Каждый играет, как умеет…
А если этот Величко никакой не дезертир и цель его – не вонючие бумажки… О, черт!
Нет. Никаких спекуляций. Берем только то, что известно. Иначе заговорами и провокациями мы объясним что угодно.
Хотя, конечно, заговоры иногда случаются…
Он даже рассмеялся вслух.
Взял лист бумаги, карандаш. Нарисовал кружочек, написал: «Марин». Другой кружочек: «Велич». Под этим кружочком нарисовал мешок с деньгами, сбоку – книгу. Потом расставил еще кружочки: «Бэдфорд», «Грач», «Женщина Мар. 1», «Женщина Мар. 2», «Парвис», «Вильямс», «Охранка»…
Как шахматы, на миг перед ним возникла зеленая лужайка с живыми людьми, видимыми как бы сверху и сбоку. И в этом ракурсе становились видимыми их намерения и чувства. Теперь ясно было, что Величко и Марин ни о какой Америке не помышляют, а Бэдфорд простоват, а Грач слишком себе на уме – но, похоже, запутался в собственных сетях… и что чего-то главного на этой схеме нет.
Потом видение погасло.
Сэр Карриган откинулся на спинку стула. До завтра, решил он. Нельзя перенапрягаться. Надо себя беречь, лелеять и хранить. Чтобы, когда придет время – с толком потратить.
Он еще раз взглянул на схему. Конечно, не хватает Марина-старшего. Куда мы без тени отца?
Он встал – в голове слегка покачнулось, упоительно и полузабыто – и подошел напоследок к окну. Как пахнет смолой!… Небо начало светлеть, обозначились крыши и кроны. Ночные птицы смолкли, а утренние еще не начали петь. Но жуки-фонарщики почему-то продолжали свое мерцание, теперь уже синхронно: все вместе вспыхивали и вместе погасали, и обычно это происходило как раз под последние ночные песни… Сэр Карриган не успел осознать это несовпадение: что-то тупо толкнуло его в грудь, на миг показалось: летящая птица… он посмотрел, но ничего, понятно, не увидел, поднял руку, чтобы потрогать ушибленное место – рука пошла неверно, как чужая (допился, мелькнула дикая мысль), тогда он повернулся к окну спиной и в свете лампы увидел что-то черное и прямое, похожее на сигарный футляр, торцом приклеившееся к груди. Теперь, ведомая глазом, рука смогла коснуться этого предмета, шероховатого на ощупь – и тошнотная слабость вдруг пролилась вниз, растворила ноги – и пол, внезапно встав вертикально, не больно ударил его по виску и укатился назад, а потом исчез совсем, и следом исчезло пятно света на потолке, и наконец, как видение, исчезло вообще все.

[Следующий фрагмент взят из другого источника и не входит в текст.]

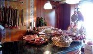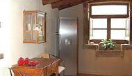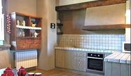 If you walk the stairs to the first floor, you are met by the other four double bedrooms. These are placed on each side of the open kitchen with dining table. The kitchen has among others a fridge, a freezer, a dishwasher, a microwave, and even a flat screen TV at the dining table. There are also small Catalan things in the kitchen as tea sets and jugs.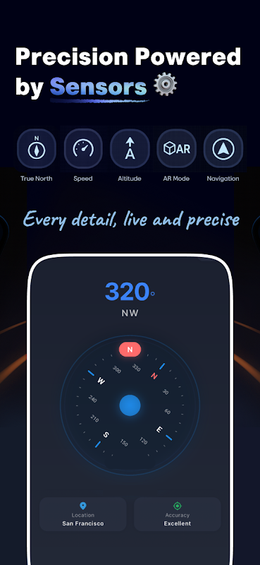 與基礎指南針應用不同,Smart Compass 360 採用先進的演算法,結合磁性感測器和 GPS 數據,實現最高精度。是專業人士和戶外愛好者的理想之選。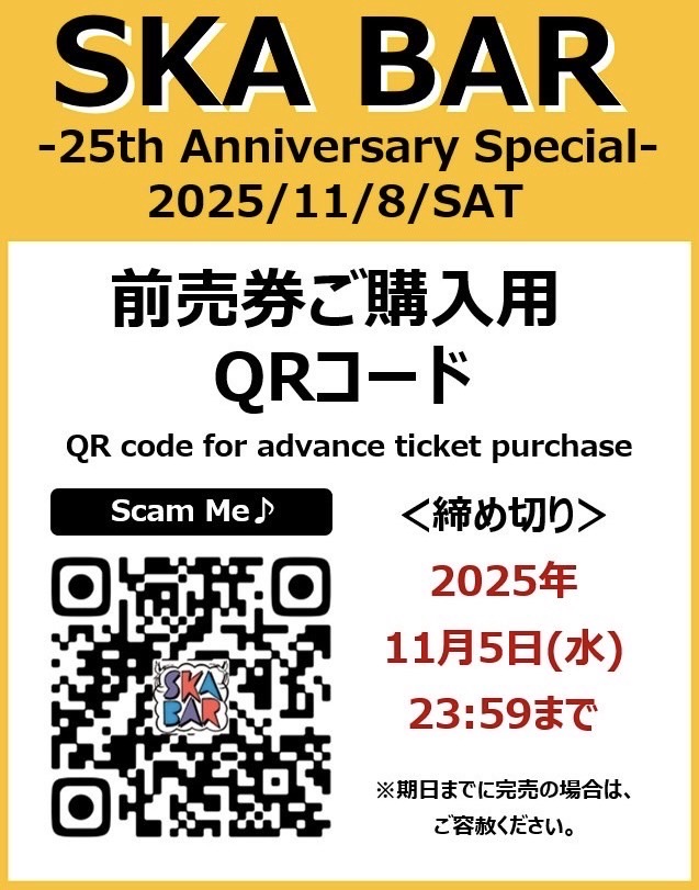 11/8(Sat) 「SKA BAR 25th Anniversary」

Не спи, толкал Глеба Альберт, не спи! – но Глеб все равно засыпал. Слишком уныл был пейзаж, слишком монотонен – перестук колес. Эх, не ко времени… – кипятился Альберт. Пленный Гоша то ли спал, то ли пребывал в забытьи. Поперек груди его охватывал ремень. Альберт суетился лихорадочно. Он то порывался обучать Глеба стрельбе из автоматического карабина – стрельба не представляла трудности, важно было понять, что только первая пуля летит точно в цель, – потом принялся демонстрировать внутреннее устройство оружия. Оно было простым, но Глебу в его состоянии – недоступным. Внимание проскальзывало. Потом он попытался поставить Глеба впередсмотрящим: ногами на ограждение, придерживаться за поручень на крыше вагончика – и так и смотреть поверх вагонов. Сначала это было здорово: ветерок отогнал было сон, – но потом стало еще хуже. Наконец Альберт понял, что ничего ему от бревна по имени Глеб не добиться, он остановил поезд, отвел Глеба в средний вагон и уложил на какие-то мешки. А потом – Глебу показалось, что прошло минут пять – вернулся и разбудил его.
Была ночь, та фосфоресцирующая ночь пыльного мира, когда света достаточно, чтобы видеть вблизи – и чтобы подсвечивать висящую в воздухе тонкую взвесь так, что все отдаленные предметы становятся размытыми, искаженными и вообще неразличимыми. Злоба, боль и тоска наполняли все в этом проклятом мире, и приходилось мириться, потому что – ничего, ничего не поделать….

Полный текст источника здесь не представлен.